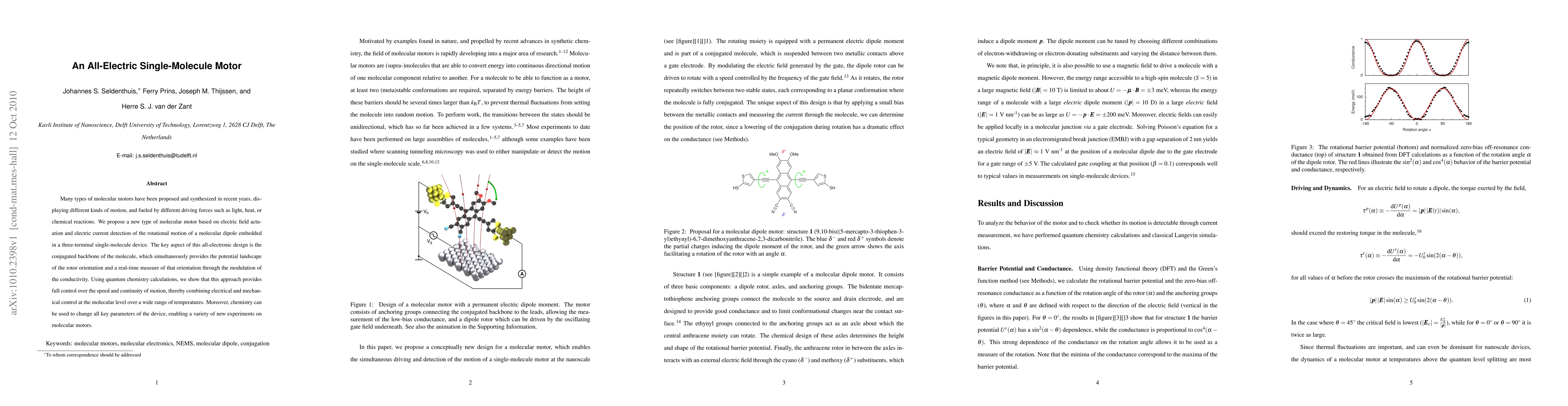 This research introduces an innovative all-electric single-molecule motor powered by an electric field, featuring a conjugated molecular backbone that controls and measures rotational motion through conductivity modulation. This design enables precise control over motor speed and continuity, offering a versatile platform for future molecular motor experiments.
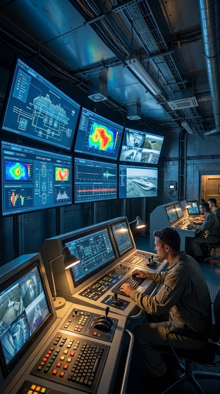 This is the brain of the entire complex. From here, every system is monitored in real time — energy production, water levels, air quality, security cameras, and perimeter sensors. Multiple large screens display live data and external views, allowing full control over the environment. In critical situations, this room becomes the decision-making hub that keeps everything running safely and efficiently.
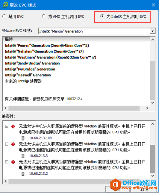 9、vMware EVC中,如果服务器都是Interl平台的,就选择为Intel主机启用。如果服务器都是AMD平台的CPU,就选择为AMD主机启用EVC。
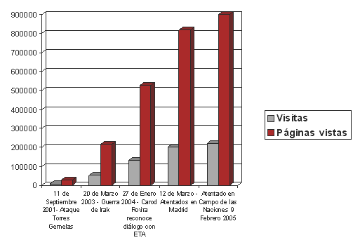 A continuación le mostramos una serie de gráficos que ilustran el crecimiento exponencial de tráfico soportado por Libertad Digital a lo largo de estos cinco años. En primer lugar, les mostramos una comparativa de la repercusión en el número de páginas vistas, de distintas noticias de impacto e interés.
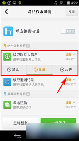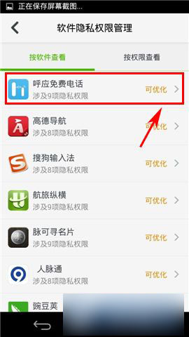 3)回到【软件隐私权限管理】,点击【按权限查看】栏,可以按权限查看,在里面,也同样可以禁止或允许某一软件的该全权限。(如下图)
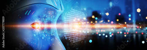 Obraz premium Cyborg head using artificial intelligence to create digital interface 3D...
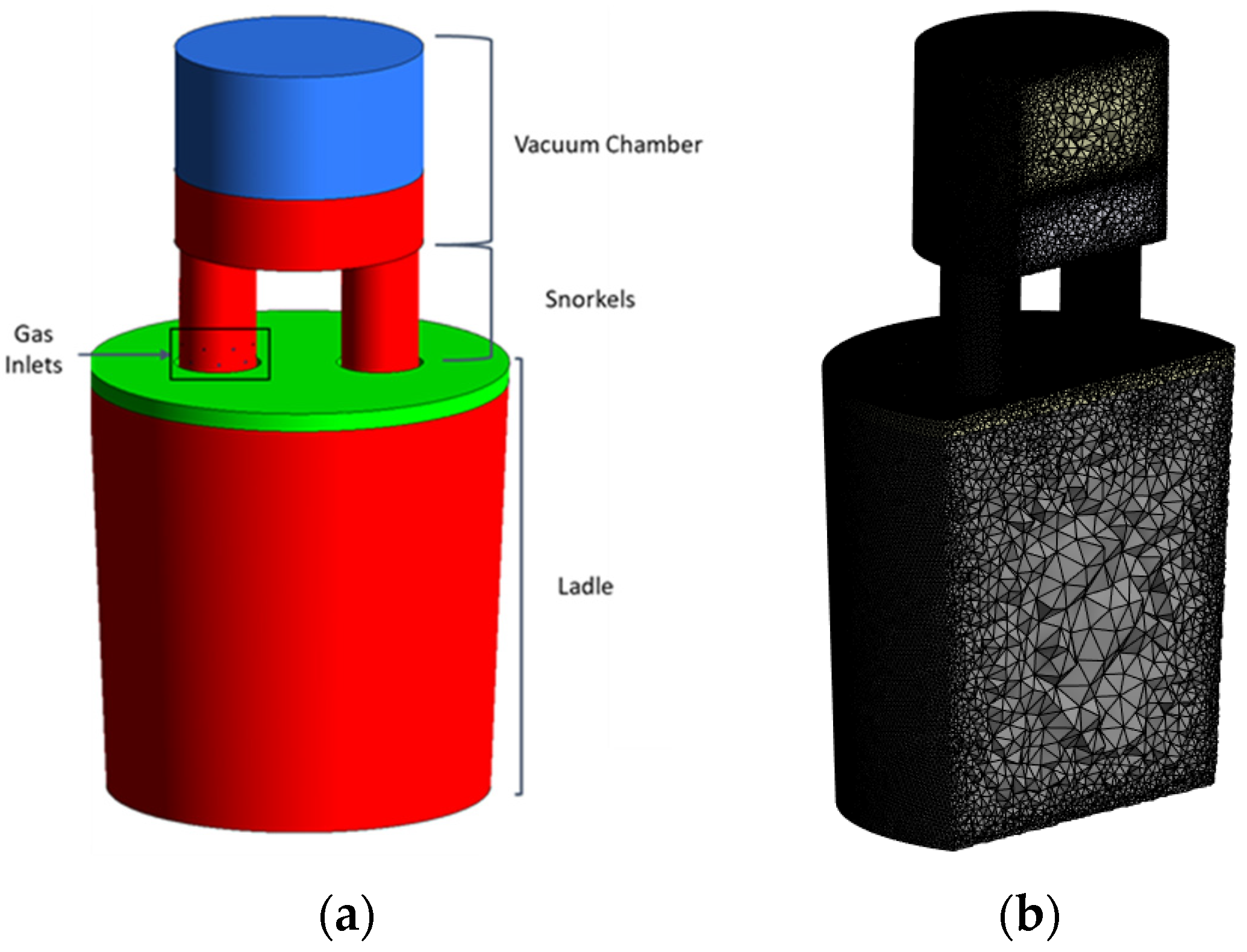 21], as heat loss during the RH treatment is negligible compared with the short refining time. Accordingly, the system is treated isothermal with no chemical reactions, focusing solely on the flow-induced mixing behavior.
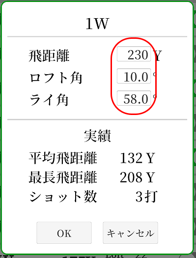 飛距離、ロフト角、ライ角が変更できるようになるので、値を変更し、
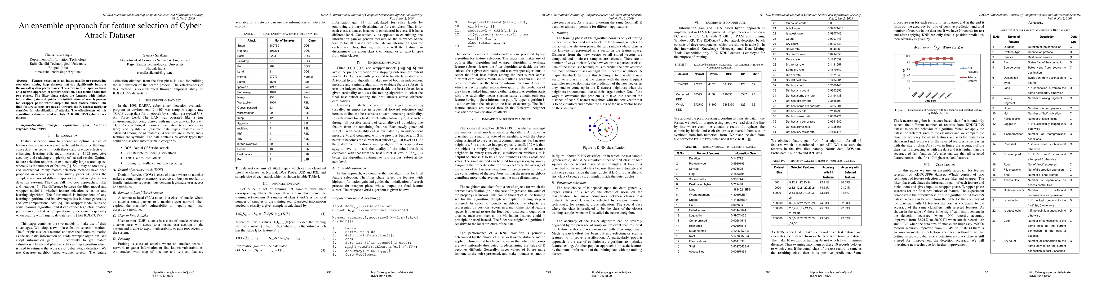 This paper proposes an ensemble feature selection method combining filter and wrapper phases to enhance system performance on large datasets, specifically applied to the DARPA KDDCUP99 cyber attack dataset, and evaluates its effectiveness using a K-nearest neighbor classifier.

TASK DESCRIPTION:
Reproduce the data verbatim and omit each image.

YOUR SOLUTION:
 This research introduces an innovative all-electric single-molecule motor powered by an electric field, featuring a conjugated molecular backbone that controls and measures rotational motion through conductivity modulation. This design enables precise control over motor speed and continuity, offering a versatile platform for future molecular motor experiments.
 This is the brain of the entire complex. From here, every system is monitored in real time — energy production, water levels, air quality, security cameras, and perimeter sensors. Multiple large screens display live data and external views, allowing full control over the environment. In critical situations, this room becomes the decision-making hub that keeps everything running safely and efficiently.
 9、vMware EVC中,如果服务器都是Interl平台的,就选择为Intel主机启用。如果服务器都是AMD平台的CPU,就选择为AMD主机启用EVC。
 A continuación le mostramos una serie de gráficos que ilustran el crecimiento exponencial de tráfico soportado por Libertad Digital a lo largo de estos cinco años. En primer lugar, les mostramos una comparativa de la repercusión en el número de páginas vistas, de distintas noticias de impacto e interés.
 3)回到【软件隐私权限管理】,点击【按权限查看】栏,可以按权限查看,在里面,也同样可以禁止或允许某一软件的该全权限。(如下图)
 Obraz premium Cyborg head using artificial intelligence to create digital interface 3D...
 21], as heat loss during the RH treatment is negligible compared with the short refining time. Accordingly, the system is treated isothermal with no chemical reactions, focusing solely on the flow-induced mixing behavior.
 飛距離、ロフト角、ライ角が変更できるようになるので、値を変更し、
 This paper proposes an ensemble feature selection method combining filter and wrapper phases to enhance system performance on large datasets, specifically applied to the DARPA KDDCUP99 cyber attack dataset, and evaluates its effectiveness using a K-nearest neighbor classifier.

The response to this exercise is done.